Every message follows this exact path through the system. No exceptions, no shortcuts.

```
User message
  → prefrontal.buildContext()
    → thalamus.stream()
      → broca.streamToUI()
        → wernicke.parse()
          → [if tool calls: amygdala → motor → cerebellum → loop]
            → hippocampus.appendEpisode()
              → basalganglia.recordOutcome()
                → done
```

## Step-by-Step

### 1. Message Received

The user sends a message from the chat UI. It arrives in the main process via IPC and enters the agent loop.

### 2. Context Assembly (prefrontal)

This is the most important step. The prefrontal cortex:

1. Reads all workspace markdown files (identity, memory, skills)
2. Calls `cerebellum` for tool definitions from loaded capabilities
3. Calls `cortex` for memory search results (SQLite FTS5)
4. Passes all candidates through `ras` for relevance scoring
5. Applies token budget allocation (15% identity / 10% prefrontal / 30% memory / 20% skills / 25% history)
6. Assembles the final system prompt with XML tags
7. Writes a debug snapshot to `brain/prefrontal/.debug/`

<Info>
  You can inspect exactly what the LLM received by reading the debug snapshot files. This is how you debug "why did Wolffish do that?" questions.
</Info>

### 3. LLM Call (thalamus)

The assembled context goes to `thalamus.stream()`, which:

1. Checks `net.isOnline()` for instant offline detection
2. Calls the **Brain** model — the one you explicitly selected in Settings → Modes (and, in orchestrator mode, resolves the Worker model for workers)
3. On a transient error, retries the **same** cloud Brain on a backoff schedule; there's no automatic cascade to another provider
4. Returns a unified `StreamChunk` async generator

### 4. Response Streaming (broca)

`broca` receives the stream chunks and pipes them to the renderer via IPC for real-time display in the chat UI.

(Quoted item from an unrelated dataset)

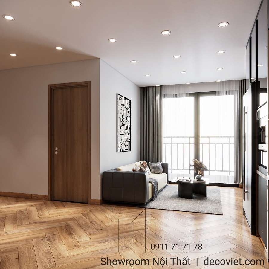 Toàn bộ căn hộ được lát sàn gỗ kiểu xương cá đồng nhất, tạo nên một vẻ đẹp liền mạch và ấm cúng cho không gian sống. Kiểu lát sàn này không chỉ nâng cao tính thẩm mỹ mà còn mang lại cảm giác gần gũi và dễ chịu. Ánh sáng từ đèn âm trần kết hợp hoàn hảo với ánh sáng tự nhiên từ cửa sổ, làm cho không gian trở nên sáng sủa và thoáng đãng. Điều này không chỉ tạo ra một môi trường sống lý tưởng để thư giãn mà còn làm nổi bật sự tiện nghi trong từng góc nhỏ, là nơi lý tưởng để tận hưởng những khoảnh khắc sum vầy và gắn kết tình cảm gia đình.

### 5. Response Parsing (wernicke)

`wernicke` parses the streamed response, normalizing across provider formats:

* **DeepSeek**: OpenAI-compatible `function_call` objects
* **Anthropic**: `tool_use` content blocks
* **OpenAI**: `function_call` objects
* **Ollama**: structured JSON in response

All four are normalized into a single `ToolCall` type: `{ name, args, id }`.

### 6. Tool Execution Loop (if tool calls detected)

If `wernicke` finds tool calls, the loop begins (max 8 iterations):

1. **amygdala.classify()** — Checks the tool call against danger patterns loaded from SKILL.md files. Three outcomes: `safe` (proceed), `confirm` (show approval dialog), `block` (deny).
2. **motor.execute()** — Creates a `TASK-{id}.md` file, logs the step, calls the plugin with retry logic (3x with 2s/6s/18s backoff).
3. **cerebellum.executeTool()** — Routes the call to the correct capability plugin.
4. Results go back to the LLM for the next iteration.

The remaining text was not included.